Researchers from Tohoku University, University of Tokyo, Australian Nuclear Science and Technology Organization, High Energy Accelerator Research Organization and Comprehensive Research Organization for Science and Society have found that the spin current signal changes direction at a certain magnetic temperature and diminishes at lower temperatures.
Spintronics uses electrons’ intrinsic spin, which is vital to the field, to regulate the flow of the spin degree of freedom, that is, spin currents. Scientists are continually exploring new ways to manage spintronics for future uses. Detecting spin currents is quite complicated and necessitates the use of macroscopic voltage measurement, which examines the entire voltage fluctuations across a material. However, a major stumbling block has been a lack of understanding of how the spin current flows or propagates inside the material.

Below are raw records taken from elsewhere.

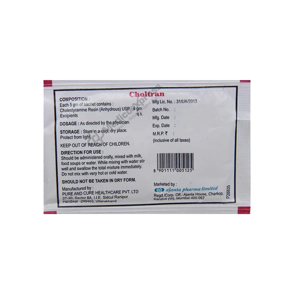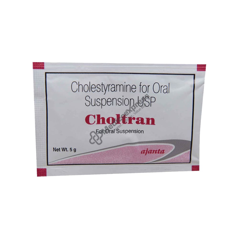 Choltran Oral Suspension Powder 5 gm is a cholesterol-lowering medicine known as bile acid-binding resins. It is primarily used to lower bad cholesterol levels, lowering the risk of future heart attacks and strokes.Disclaimer:For More Information Contact Your Physician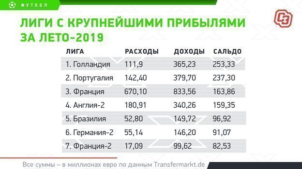 Ни для кого не секрет, что в Португалии и Голландии умеют зарабатывать деньги. Ежегодно тамошние клубы выручают от продаж больше, чем тратят. Этот сезон — не исключение. В прошлом году самое большое положительное сальдо было у Франции и Бразилии, Португалия была третьей, а Голландия аж 18-й — непродуктивный был сезон. Этим летом мы видим более привычную картину. Как и в 2017 году, португальские и голландские клубы получили наибольшие прибыли.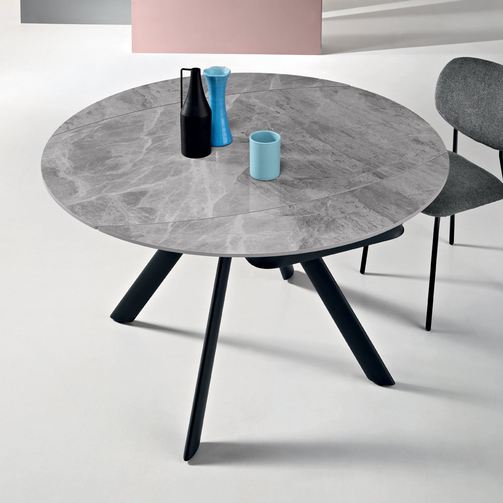 Dank der praktischen Drehplatte lässt sich der Tisch von rechteckig zu rund verwandeln und passt sich so mühelos unterschiedlichen Raum- und Gesellschaftsbedürfnissen an. Die beiden 24 cm langen Verlängerungsplatten vergrößern die Tischfläche und machen den Tisch ideal für den täglichen Gebrauch sowie für gesellige Runden mit Freunden und Familie.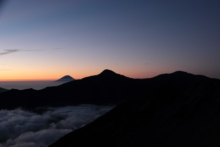(朝の日本の高峰トップ3。左から富士山、北岳、間ノ岳。9月2日撮影)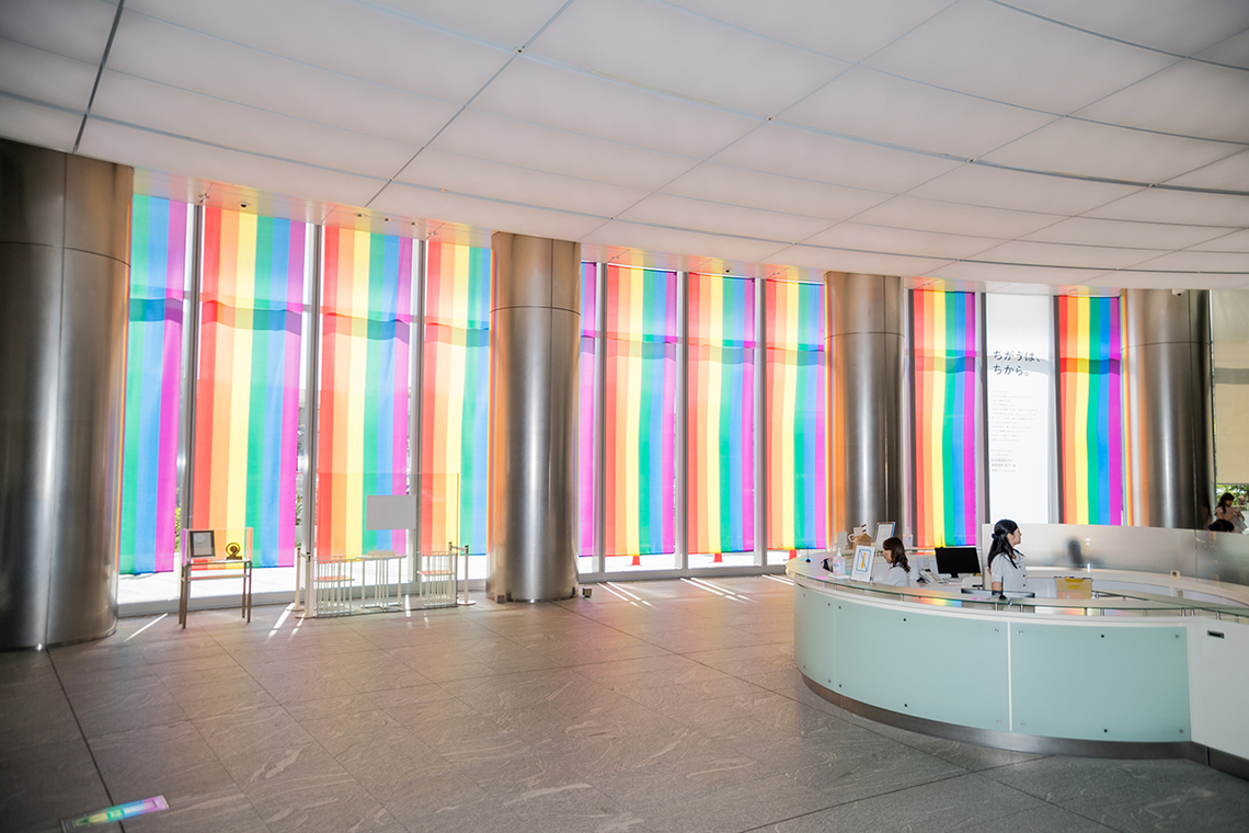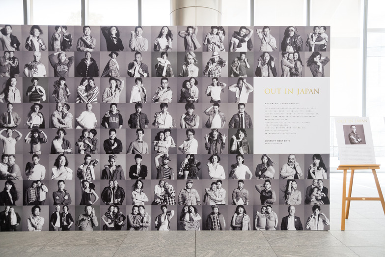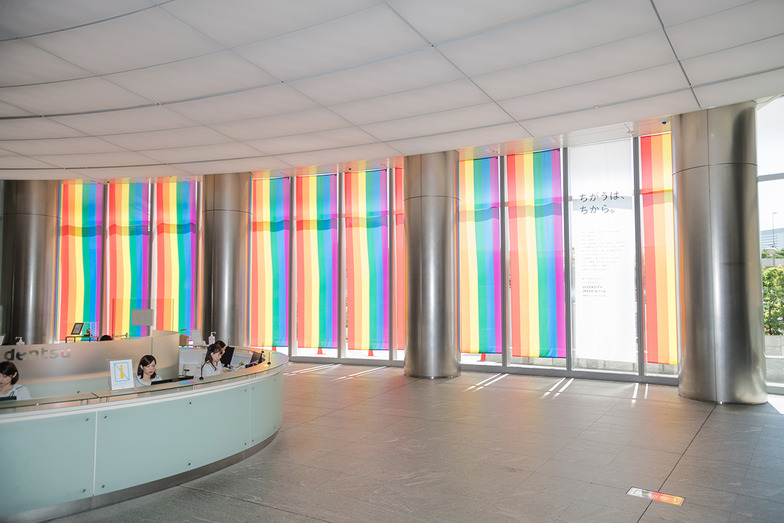電通1階エントランスを、6色の懸垂幕でLGBTのシンボルであるレインボーカラーに。写真家のレスリー・キー氏が撮った「OUT IN JAPAN」プロジェクトのさまざまな家族や、カップル、個人などの写真を展示している。

Using neutron scattering and voltage measurements, the scientists demonstrated that the magnetic properties of the material can predict how a spin current changes with temperature. They also discovered that the spin direction, or magnon polarization, flips at and below this crucial magnetic temperature. This shift in magnon polarization corresponds to the reversal of the spin current, providing information on its propagation direction.
The material tested exhibited magnetic properties with unique gap energies. This shows that spin current carriers are nonexistent below the temperature associated with this gap energy, explaining the observed decrease in the spin current signal at lower temperatures. Surprisingly, the spin current’s temperature dependence exhibits an exponential decrease, echoing the neutron scattering measurements.
The team gained a comprehensive understanding of spin currents in insulating magnets, paving the way for predicting spin currents more accurately and potentially developing advanced materials with enhanced performance.